A token embedding layer is essentially a lookup table (a matrix) where we store a dense vector for every token in our vocabulary. 

- **Shape**: `[vocab_size, embedding_dim]`
- **Function**: It maps a token ID (an integer) to its corresponding vector representation.

Let's define our model's hyperparameters and create the layer.


In [None]:
# Define the hyperparameters for our model
GPT_CONFIG_124M = {
    "vocab_size": 50257,    # Vocabulary size (same as GPT-2)
    "context_size": 256,    # Context length
    "emb_dim": 768,        # Embedding dimension
    "n_heads": 12,         # Number of attention heads
    "n_layers": 12,        # Number of layers
    "drop_rate": 0.1,      # Dropout rate
    "qkv_bias": False      # Query-Key-Value bias
}

# For this notebook, we'll use smaller values to make things manageable
vocab_size = GPT_CONFIG_124M["vocab_size"]  # Keep the real vocab size
embedding_dim = 256  # Smaller embedding dimension for demonstration
context_size = 4     # Tiny context size for easy inspection

print("Configuration:")
print(f"  - Vocabulary Size: {vocab_size:,}")
print(f"  - Embedding Dimension: {embedding_dim}")
print(f"  - Context Size: {context_size}")
print(f"  - Embedding Matrix Shape: [{vocab_size:,}, {embedding_dim}]")


In [None]:
# Create the token embedding layer
torch.manual_seed(123)
token_embedding_layer = torch.nn.Embedding(vocab_size, embedding_dim)

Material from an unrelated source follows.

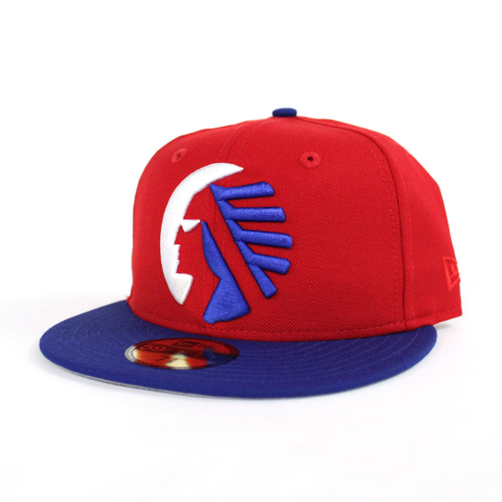Memphis Chicks New Era 59fifty Fitted Hat is in Red, Blue, White with Gray Under Brim. This Fitted Cap is for Air Jordan USA.
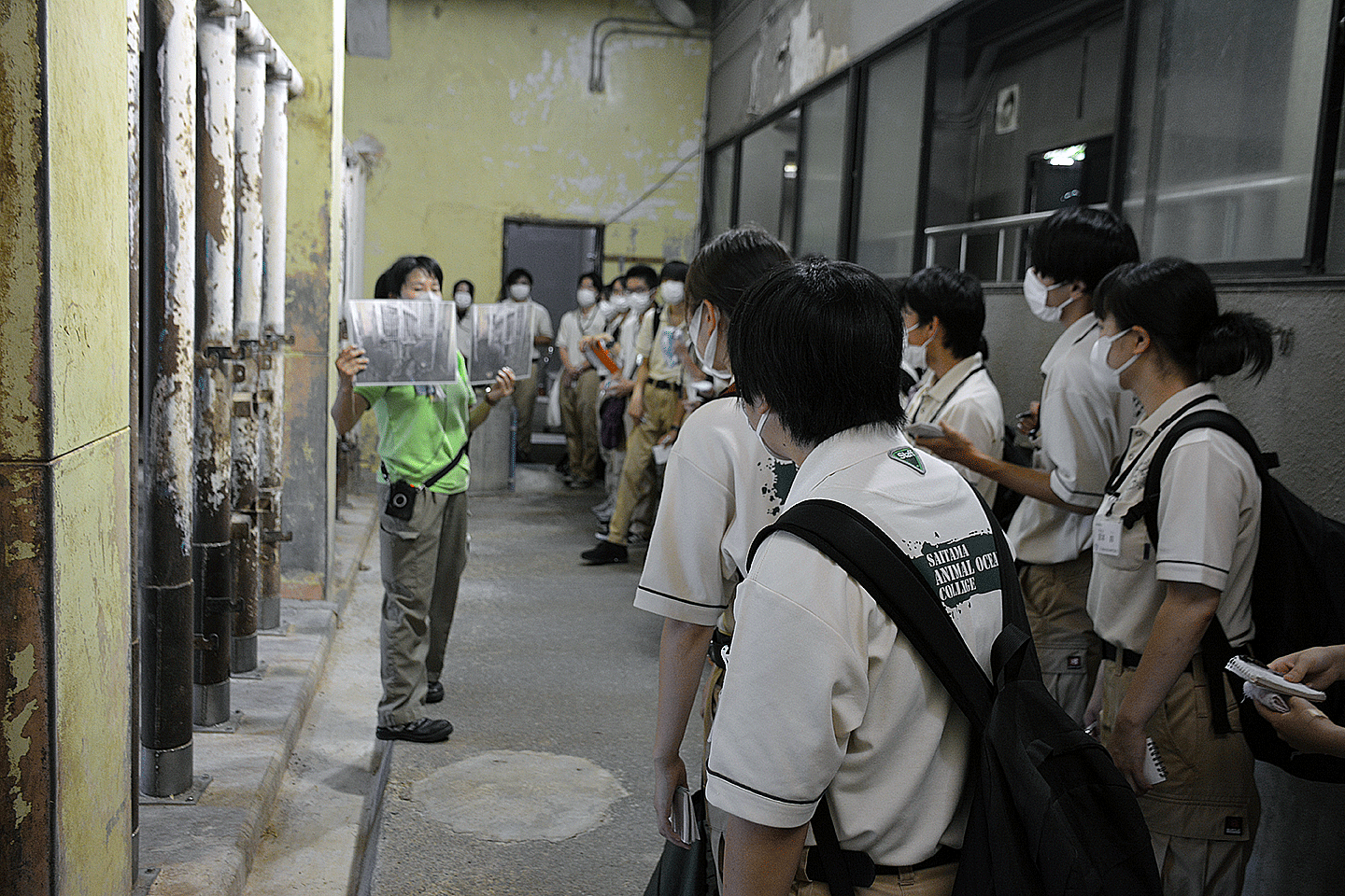 旧アジアゾウ舎のバックヤード見学を通して、新アジアゾウ舎の比較、ライオンバス、園内見学などでエンリッチメントへの取り組みや展示などについて学びました。

print("✅ Token Embedding Layer Created!")
print(f"Shape of the embedding matrix: {token_embedding_layer.weight.shape}")
print(f"This matrix contains {token_embedding_layer.weight.numel():,} learnable parameters!")

# Let's examine a few token embeddings
print("\n🔍 Examining specific token embeddings:")
print(f"Token ID 0 embedding shape: {token_embedding_layer.weight[0].shape}")
print(f"Token ID 0 embedding (first 10 values): {token_embedding_layer.weight[0][:10]}")

# Demonstrate that we can look up embeddings for specific tokens
sample_token_ids = torch.tensor([0, 1, 2])
sample_embeddings = token_embedding_layer(sample_token_ids)
print(f"\nSample embeddings for tokens [0, 1, 2] shape: {sample_embeddings.shape}")


### Processing a Batch of Data

Now, let's see how this layer processes a batch of token IDs from our `DataLoader`.


In [None]:
# 1. Load some text data
with open("../data/the-verdict.txt", 'r', encoding="utf-8") as f:
    raw_text = f.read()

# 2. Create a dataloader with a small context size
dataloader = create_dataloader_v1(
    raw_text, 
    batch_size=8, 
    max_length=context_size,
    stride=context_size,
    shuffle=False
)

# 3. Get one batch of data
data_iter = iter(dataloader)
inputs, targets = next(data_iter)

print("Token IDs (inputs):\\n", inputs)
print("\\nShape of inputs:", inputs.shape)


In [None]:
# 4. Pass the token IDs through the embedding layer
token_embeddings = token_embedding_layer(inputs)

print("🎯 Token Embeddings Results:")
print(f"Shape of token embeddings: {token_embeddings.shape}")
print("Each token ID has been converted to a 256-dimensional vector!")

# Let's examine one sample in detail
print(f"\n🔍 Examining first sample:")
print(f"Token IDs: {inputs[0]}")
print(f"Token embeddings shape for first sample: {token_embeddings[0].shape}")
print(f"First token embedding (first 10 values): {token_embeddings[0][0][:10]}")

# Show that different tokens have different embeddings
print(f"\n📊 Embedding differences:")
print(f"Are embeddings for tokens {inputs[0][0]} and {inputs[0][1]} the same? {torch.equal(token_embeddings[0][0], token_embeddings[0][1])}")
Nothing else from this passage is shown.